Тепловая модель выходного тягового преобразователя электровоза с асинхронными двигателями

Гулак С.А.1, Кириченко М.А.2

1 Государственный университет инфраструктуры и технологий Киев, Украина

2Киевский национальный университет строительства и архитектуры,

Киев, Украина

Аннотация. Целью работы является разработка тепловой модели автономного инвертора напряжения электровоза с векторным управлением с учетом эксплуатационных режимов работы электровоза. Поставленная цель была достигнута за счет применения при расчете потерь энергии в моменты коммутации функций, описывающих характер изменения кривых токов и напряжения силовых транзисторов и диодов автономного инвертора напряжения. В качестве объекта исследования был выбран автономный инвертор напряжения, входящий в состав тягового привода электровоза с векторной системой управления асинхронными тяговыми двигателями, с известными паспортными характеристиками. Моделирование проводилось для автономного инвертора напряжения, нагрузкой которому служат два тяговых асинхронных двигателя, работающие в номинальном режиме. Температура транзисторов и диодов была получена для установившихся режимов работы тяговых асинхронных двигателей с учетом работы системы охлаждения и взаимного теплового влияния указанных электронных приборов. Наиболее важными результатами являются полученная аналитическая зависимость тепловых потерь мощности в автономном инверторе напряжений, как функции фазных токов и напряжений инвертора, получение аналитической зависимости для определения параметров тепловой модели электронного прибора, как функций коэффициентов аппроксимации кривой теплового сопротивления прибора, учет влияния системы охлаждения, используемой на электровозе, на температуру электронных приборов. Значимость полученных результатов состоит в установлении зависимостей температуры силовых электронных приборов автономного инвертора напряжения от реальных условий эксплуатации электровоза. Установленные зависимости позволят в дальнейшем определить спектральную мощность тепловых шумов в векторной системе управления тяговым приводом электровоза для построения эффективной системы фильтрации тепловых шумов. Это позволит повысить точность регулирования контролируемых параметров тягового привода, что, в свою очередь, позволит повысить энергетические показатели тягового привода электровоза за счет уменьшения потерь в тяговом приводе.

Ключевые слова: энергия тепловых потерь, диагностика, асинхронный двигатель, математическое моделирование, автономный инвертор напряжения, температура, тепловое сопротивление.

INTRODUCTION

On electric locomotives with an induction traction drive, a vector control system for traction motors has become widespread [1, 2]. The energy efficiency of the drive depends on the accuracy of controlling the operation of the traction drive [3]. This circumstance is connected with the fact that the optimization of the control system operation according to the energy criterion leads to a decrease in losses in the drive and, as a result, to an increase in the power factor and efficiency factor of the drive as a whole [4].

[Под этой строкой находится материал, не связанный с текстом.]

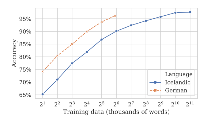
Figure 3: Accuracy of the two-layer BiLSTM model for a varying amount of training data.

Finally, we evaluate the two-layer BiLSTM model using a varying amount of Icelandic and German training data. We start off by evaluating the accuracy of our model on a training set of 2,000 words, doubling the amount of training data thereafter. We add words to the training data from the complete training set in a decreasing order of frequency, using word frequencies from the Icelandic Gigaword Corpus (Steingrímsson et al., 2018) and from the German Wikipedia<sup>3</sup>. The results of this evaluation can be seen in Figure 3.
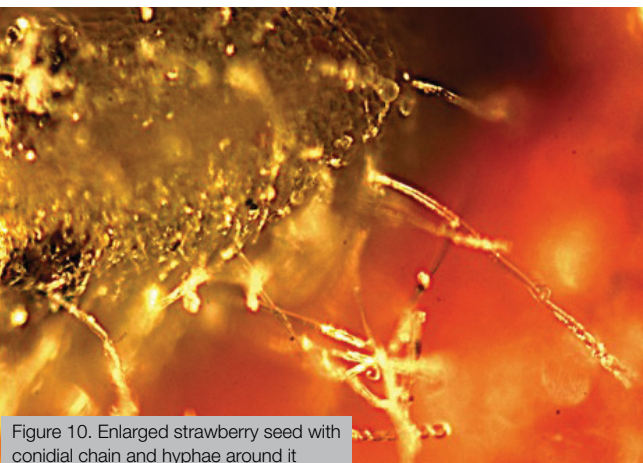
Figure 10. Enlarged strawberry seed with conidial chain and hyphae around it

Research in Project SF 62 compared cupped with flat leaves. Microscopic examination showed that both cupped and red-blotched leaves had more mycelium present than flat (apparently healthy) leaves. However, even on flat leaves, very small amounts of mycelium were sometimes present (upper or lower surface). For each associated symptom, the amount of mycelium measured increased with sample date.
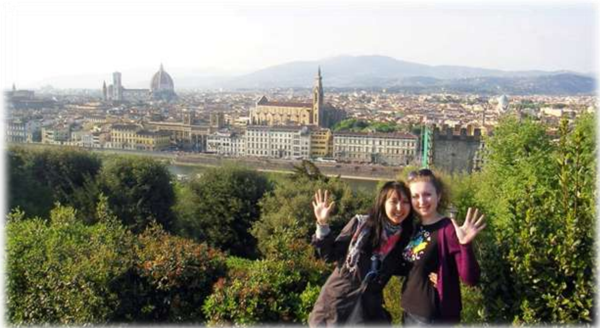
And this is our photo on the top of the world!
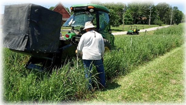
PaddockTrack sensor calibration harvest on Native warm season grass plots at UCM-Warrensburg

Regional specialists continued working with MU faculty to harvest native warm season grass (NWSG) plots with the goal to develop PaddockTrac forage yield estimates for native warm season grass species. PaddockTrac is an integrated electronic forage measurement and yield estimation system. Forage height readings are correlated with clipped sample weights to develop equations to calculate yield estimates. Samples were collected from four NWSG plots at University of Central Missouri in Warrensburg. These data support continuing work at MU

An analysis of the structure of a traction drive with vector control of induction traction motors shows that the main power losses occur in induction motors, a rectifier, a smoothing reactor, and an autonomous voltage inverter [5]. In this work, the authors conditionally divide the energy losses in the traction drive into constant and variable. Constant power losses are losses in the steady state operation of the drive, variable losses are losses that occur during transient processes [6].

In [7], it is indicated that the energy of losses in the elements of the traction drive is converted into thermal energy, which leads to heating of these elements, in particular, an autonomous voltage inverter. This circumstance leads to the fact that with an increase in the temperature of electronic switches of an autonomous voltage inverter, such as power thyristors, power transistors, the thermal noise of these devices increases [8]. The presence of thermal noise in the electronic keys of an autonomous inverter reduces the accuracy of regulation of parameters controlled by the vector control system, which leads to an increase in losses in the traction drive system of an electric locomotive [9].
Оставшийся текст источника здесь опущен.